◆ **Exercise instructions**
Where a line in the material below has the string "with", please report it.

◆ **Supplied data**
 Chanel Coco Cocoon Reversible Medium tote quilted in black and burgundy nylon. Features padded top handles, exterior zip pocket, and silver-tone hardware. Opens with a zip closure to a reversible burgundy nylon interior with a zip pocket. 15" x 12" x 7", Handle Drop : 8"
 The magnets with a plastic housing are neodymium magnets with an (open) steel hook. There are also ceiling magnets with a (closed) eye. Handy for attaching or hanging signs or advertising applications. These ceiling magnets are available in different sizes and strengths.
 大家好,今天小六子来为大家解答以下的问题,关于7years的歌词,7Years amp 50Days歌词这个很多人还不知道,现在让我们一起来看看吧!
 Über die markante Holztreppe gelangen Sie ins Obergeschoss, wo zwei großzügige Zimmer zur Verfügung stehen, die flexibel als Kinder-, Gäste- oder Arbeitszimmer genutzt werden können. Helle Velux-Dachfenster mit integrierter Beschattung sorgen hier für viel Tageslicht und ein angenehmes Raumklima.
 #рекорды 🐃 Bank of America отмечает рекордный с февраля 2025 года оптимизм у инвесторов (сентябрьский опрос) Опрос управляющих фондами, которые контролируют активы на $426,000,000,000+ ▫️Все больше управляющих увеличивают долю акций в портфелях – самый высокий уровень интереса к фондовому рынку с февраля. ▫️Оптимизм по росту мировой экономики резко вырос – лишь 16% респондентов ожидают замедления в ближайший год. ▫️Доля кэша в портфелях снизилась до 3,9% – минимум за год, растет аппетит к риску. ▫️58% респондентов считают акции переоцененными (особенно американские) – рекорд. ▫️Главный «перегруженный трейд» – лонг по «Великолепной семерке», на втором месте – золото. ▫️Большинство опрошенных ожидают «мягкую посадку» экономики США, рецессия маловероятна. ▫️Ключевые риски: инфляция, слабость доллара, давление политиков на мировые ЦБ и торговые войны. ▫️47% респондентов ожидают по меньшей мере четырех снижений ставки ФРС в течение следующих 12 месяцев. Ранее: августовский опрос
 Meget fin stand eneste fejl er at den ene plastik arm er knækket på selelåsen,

==

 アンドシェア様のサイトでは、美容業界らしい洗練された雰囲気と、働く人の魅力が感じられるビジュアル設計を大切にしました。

◆ **Reply**
 Chanel Coco Cocoon Reversible Medium tote quilted in black and burgundy nylon. Features padded top handles, exterior zip pocket, and silver-tone hardware. Opens with a zip closure to a reversible burgundy nylon interior with a zip pocket. 15" x 12" x 7", Handle Drop : 8"
 The magnets with a plastic housing are neodymium magnets with an (open) steel hook. There are also ceiling magnets with a (closed) eye. Handy for attaching or hanging signs or advertising applications. These ceiling magnets are available in different sizes and strengths.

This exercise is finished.